Local farmers warned them that German patrols with dogs were hunting for men like them—and that, once caught, they were either shot or sent to camps. As they were debating what to do next, a young peasant boy offered to guide them to a point where they could cross the border while eluding the Germans. He asked them for no reward, saying that the only contribution he could make to the war effort was to help men like them rejoin the Polish Army in France.
The boy did so flawlessly, but two months later the underground grapevine reported that he had been caught and shot while guiding another group of soldiers. My father always talked about him as one of “the unsung heroes” of the war, adding him to the list of people he considered to be more courageous than he was, and crediting him with having saved his life.

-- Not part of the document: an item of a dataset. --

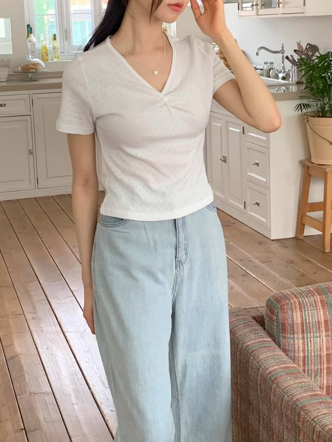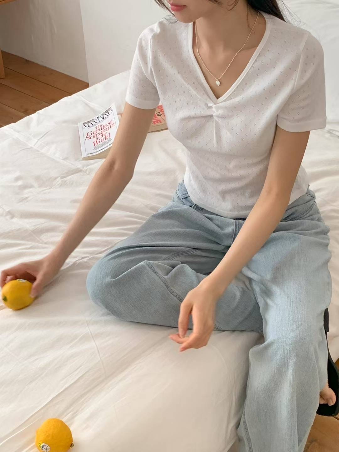 andV領簍空短袖

When he completed his circuitous journey to France, my father donned a Polish uniform again. Miraculously, my mother and his parents had made it there as well, with my grandfather taking up a post in the Polish government-in-exile. Evacuated to Britain when France fell, my father first served in the 1st Polish Independent Parachute Brigade based in Scotland.
By the time his unit made its most dangerous drop into German guns at Arnhem in 1944 and fought to liberate other Dutch cities, he was assigned to temporary civilian duty, writing dispatches for the Polish authorities. “That call probably saved my life,” he explained, pointing out that so many of the paratroopers he trained with were killed. “I survived, and to this day a sense of guilt sits deep down in my throat.”

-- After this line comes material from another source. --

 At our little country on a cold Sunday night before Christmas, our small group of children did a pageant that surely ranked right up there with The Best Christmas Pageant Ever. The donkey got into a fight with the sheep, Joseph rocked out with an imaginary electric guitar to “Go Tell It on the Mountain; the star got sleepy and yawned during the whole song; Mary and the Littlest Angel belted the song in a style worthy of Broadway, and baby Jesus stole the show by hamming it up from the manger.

Not all members of our family survived the war. My mother’s favorite cousin rests in the Polish military cemetery in Normandy; he was part of the Polish forces that fought there after the initial D-Day landings. My grandfather’s brother, an accomplished architect, was caught in a German roundup of civilians in the early days of the Warsaw Uprising in August 1944; all of them were summarily shot.
But compared to most of their countrymen, our family got off easy. Which is another reason why my father never could shed his lingering sense of survivor’s guilt.
After the war, my parents immigrated to the United States in 1948 and my father worked as an editor with a news agency that specialized in foreign coverage of Eastern Europe. He became a U.S. citizen in 1956.
Of his decision to emigrate to the U.S. Zygmunt wrote: “My story jumps across initial parts of going nowhere. The decision to cross the Atlantic was prompted by political developments totally outside of our control. We moved blindly, unprepared, and oblivious of what to expect. A series of jobs, some typical for immigrants, some acquired by pure luck, followed.”
My father became a foreign policy expert and later founded the Center for International Leadership, a training and development group for senior executives.
He served as president of the Washington-based Center for International Leadership from 1986 until he retired in 2004. He hosted leadership development seminars for corporate leaders from the World Bank, BellSouth, Honeywell, Sprint and Volvo North America.
From the mid-1950s, he spent a decade with the U.S. Information Agency and held postings in Cairo, Paris, and Seoul. He then served as a program director with the Council on Foreign Relations, where he helped organize policy discussions with world leaders. From 1980 to 1985, he was a vice president with the Aspen Institute of Humanistic Studies, where he began his work moderating leadership seminars.
Throughout his career, my father wrote opinion pieces focused on Polish affairs. Many were published in The Washington Post and the New York Times. He authored the following books: “Falaise Gap Has Benn Closed”, his autobiography “From Warsaw to Wherever”, and “The Psychology of East-West Trade: Illusions and Opportunities”.
My father died on 26 June 2011 at the Rock Creek retirement home in the District. He was 98 years old.